A scrub jay yammered abuse at Krysty from a bush. The sound brought the woman back to the here-and-now with a jolt of alarm. She had been in zombie mode, total whiteout.
She was lucky. In the Deathlands, if you zoned that far out, you usually came out of it about the time a stickie was pulling your face off.
She raised her head and took stock of her surroundings. The sun was falling toward a shoal of mesas with wind-scooped faces, tawny and rose. There was no sign of the raiders, and the marks their tires had left in sand were lost to the eternally restless wind. But there was something, a squat blockiness ahead at the bottom of a broad valley. Buildings. Studying her surroundings, Krysty could make out patches of dark pavement showing through drifted sand, the remnants of a flanking ditch. There had been a hard-top road here. Mebbe even a highway.
Bad news, in that if the raiders turned off along it, they’d make at least somewhat better time than along the unimproved dirt track they, like the caravan, had been following. It remained unlikely the raiders were going farther than she could walk in a matter of days.
Meantime, the buildings offered possible shelter for the night. This wasn’t the seething gut of the Deathlands, with monstrous beasts, humanoid muties and acid rain storms ready to destroy the traveler caught in the open. But there were still plenty of nasty things that came out at night. To hunt.
She began walking toward the structures.
J.B. WAS ROUSED from sleep when the stakebed wag began to slow. Despite scowls from the guards the other captives were scrambling to their feet to peer forward toward whatever awaited them.
A brown hand, strong but altogether feminine, appeared before his eyes. The Armorer grinned at Mildred as she helped him up. She gave him a taut smile back.

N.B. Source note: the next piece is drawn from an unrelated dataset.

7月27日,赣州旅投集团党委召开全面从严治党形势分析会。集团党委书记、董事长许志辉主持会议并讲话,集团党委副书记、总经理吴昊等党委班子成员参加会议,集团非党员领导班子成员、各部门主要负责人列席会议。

He couldn’t see much over the cab, so he leaned his head over the wood side of the bed and peered forward. What seemed like a couple hundred people were laboring away in the middle of the desert. And parked next to them, gleaming like polished silver in the sun’s slanting rays—
“Well, I’ll be dipped in shit and fried for a hush-puppy,” J.B. said in admiring amazement. “It’s a train!”
Chapter Three
The screen door of the derelict diner banged open. Two men were suddenly among the cracked-vinyl booths and the peeling Formica tables, longblasters in their hands.

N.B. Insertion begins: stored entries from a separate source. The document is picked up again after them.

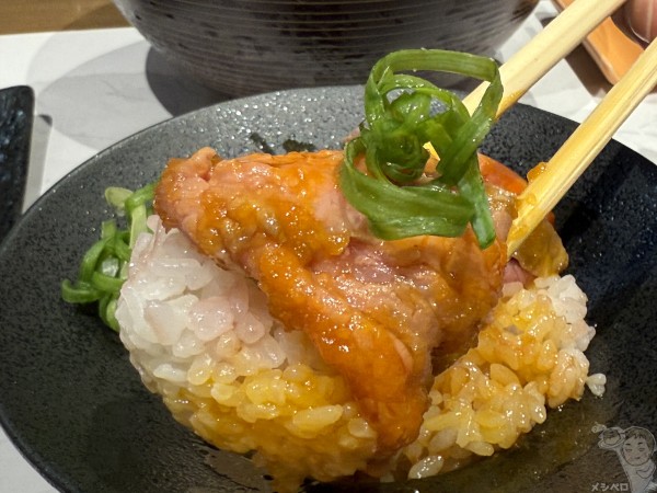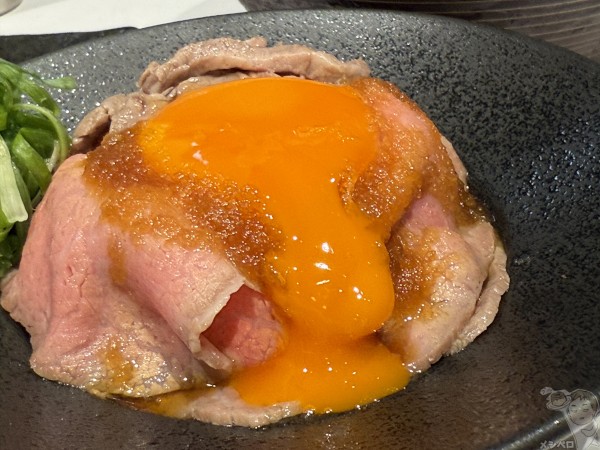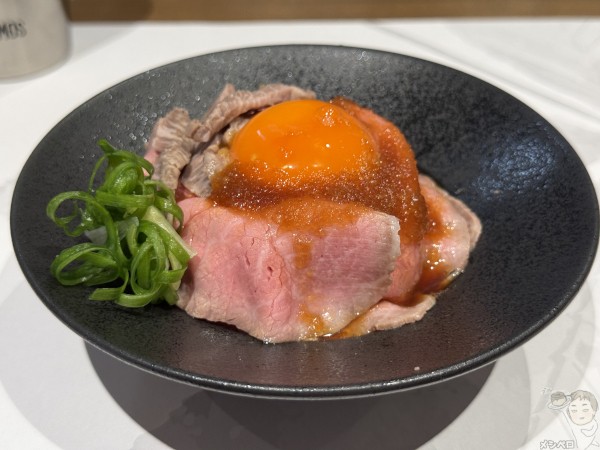ご飯を包み込む和牛ソトモモのレアチャーシュー、中央には卵黄。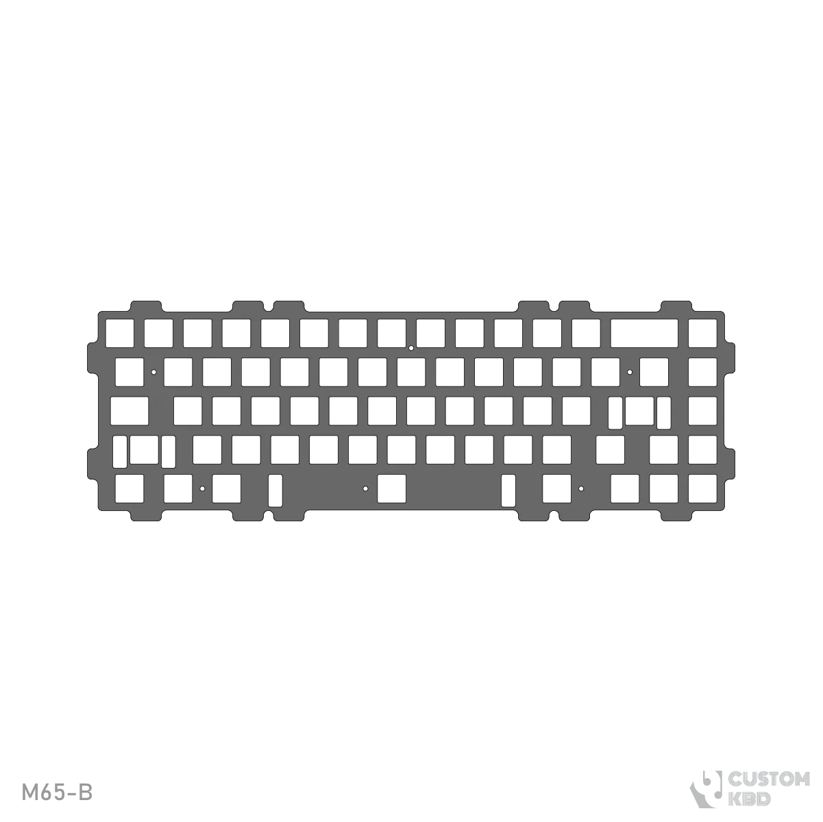 Custom made plates laser cut from Polyoxymethylene (POM). POM is a high strength, yet flexible plastic – It is a great choice of material for a keyboard plate as it provides a less firm typing experience and modified acoustics.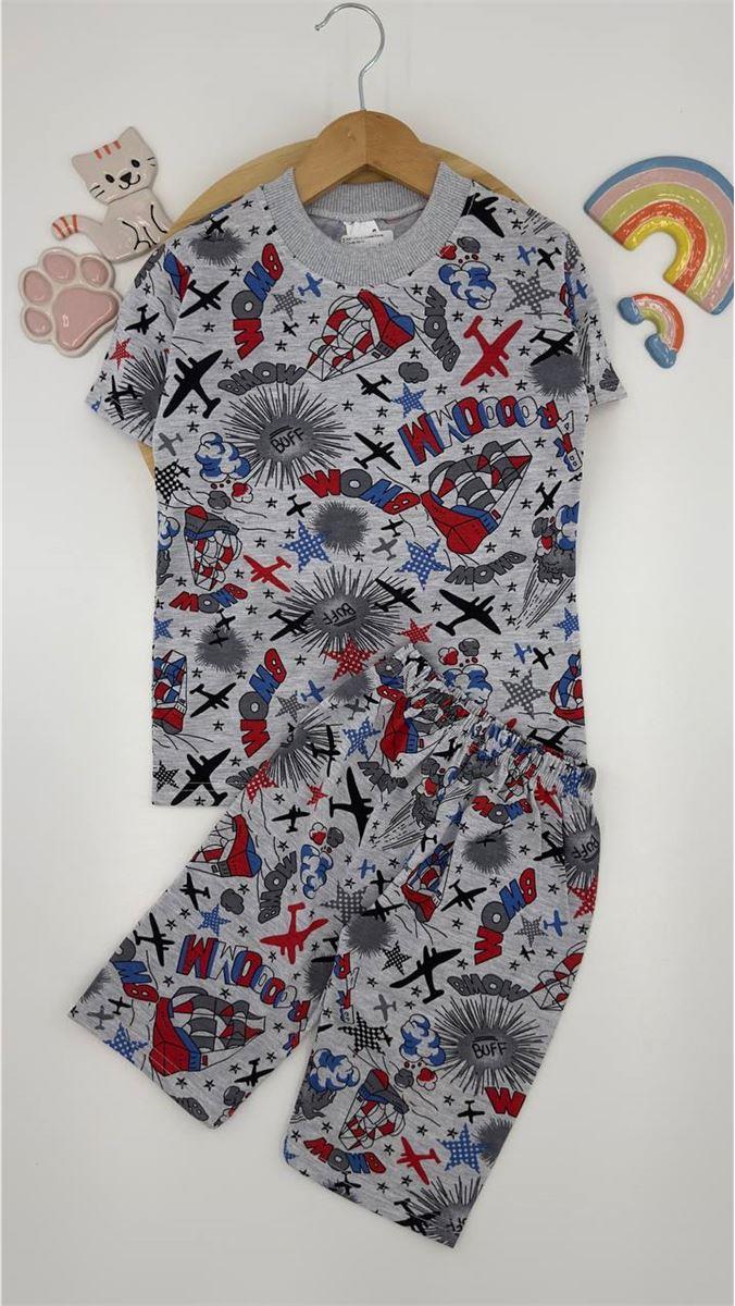 0207-3 Uçak Desenli Erkek Çocuk Takım GRİ
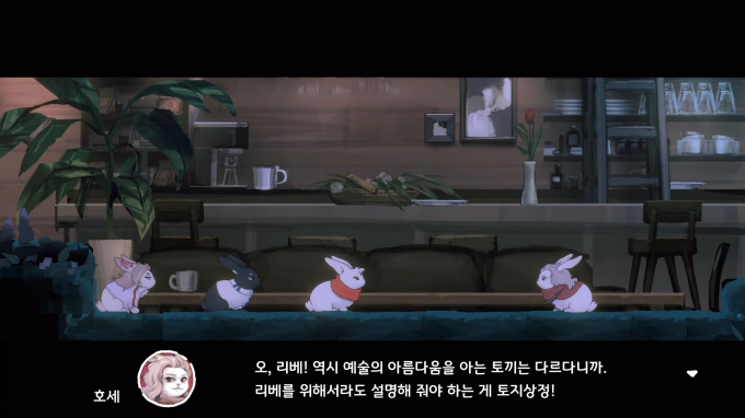 김 : 데모 버전에선 공개가 안 됐지만 나머지 토끼들은 메인 스토리나 플래포밍 상에서 리베를 도와주거나, 혹은 리베가 다른 토끼들을 도와줘야 되는 등 서로 영향을 미치도록 설계 중이에요. 또 플래포밍을 하던 와중에 리베가 다른 토끼들과 잡담을 하거나 선물을 줄 수 있는데요, 이에 따라 스토리에 작은 변화가 생길 수 있어요. 조작할 수 있는 캐릭터는 리베 뿐이지만, 친구 토끼들이 있기 때문에 홀로 플레이하고 있다는 느낌이 들지 않으실 거예요.

Both aimed square at Krysty Wroth.
“Freeze, bitch!” the younger, taller intruder shouted. Blond bangs hung in his sunburned face from beneath a turned-around ball cap. His partner, who was darker and whose dark-brown hair was beating a hasty retreat from his own forehead, just grinned a nasty grin.

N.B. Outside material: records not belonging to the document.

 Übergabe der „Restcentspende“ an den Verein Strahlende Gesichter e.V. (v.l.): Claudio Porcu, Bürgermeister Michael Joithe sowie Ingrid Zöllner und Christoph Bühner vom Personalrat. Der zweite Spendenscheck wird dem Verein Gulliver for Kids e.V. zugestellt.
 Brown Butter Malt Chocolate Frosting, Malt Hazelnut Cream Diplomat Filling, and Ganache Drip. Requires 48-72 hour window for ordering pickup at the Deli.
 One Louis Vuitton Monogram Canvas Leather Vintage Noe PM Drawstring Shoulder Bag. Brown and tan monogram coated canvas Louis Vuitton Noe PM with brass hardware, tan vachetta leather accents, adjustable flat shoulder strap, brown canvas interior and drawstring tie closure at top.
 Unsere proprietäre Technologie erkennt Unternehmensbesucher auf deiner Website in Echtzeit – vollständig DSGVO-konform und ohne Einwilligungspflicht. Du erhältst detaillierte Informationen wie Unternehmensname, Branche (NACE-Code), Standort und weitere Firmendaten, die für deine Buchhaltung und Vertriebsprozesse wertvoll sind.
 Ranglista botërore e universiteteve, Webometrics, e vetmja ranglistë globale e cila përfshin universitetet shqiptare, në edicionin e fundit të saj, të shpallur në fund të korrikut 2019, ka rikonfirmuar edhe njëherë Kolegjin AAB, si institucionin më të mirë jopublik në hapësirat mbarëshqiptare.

After only the briefest hitch in her motions, and her breathing, Krysty calmly went back to doing what she was doing—cooking corned-beef hash made from the supplies she’d brought from the massacre site over a fire built of brush and driftwood in what had been the little kitchen’s deep-fat fryer, once upon a time. The pot was one she’d found hanging behind the counter. A handful of the fine sand that had drifted against the diner’s east wall served to scrub out the accreted dust and gunk of the past century.
“Hey,” the blond intruder shouted. “Din’t I tell you to freeze, bitch?”
“Easy, Matt, easy,” his pal soothed. “They’re so much more fun when they’re warm.”
He sidled around the periphery of booths, holding his remade M-16 with one hand. In the light of the kerosene lanterns she was working by, she could tell that both men wore retread U.S. Army blouses, both OD green, both with unfamiliar round patches on the breast. Just like the men who had killed Ryan and hijacked the caravan.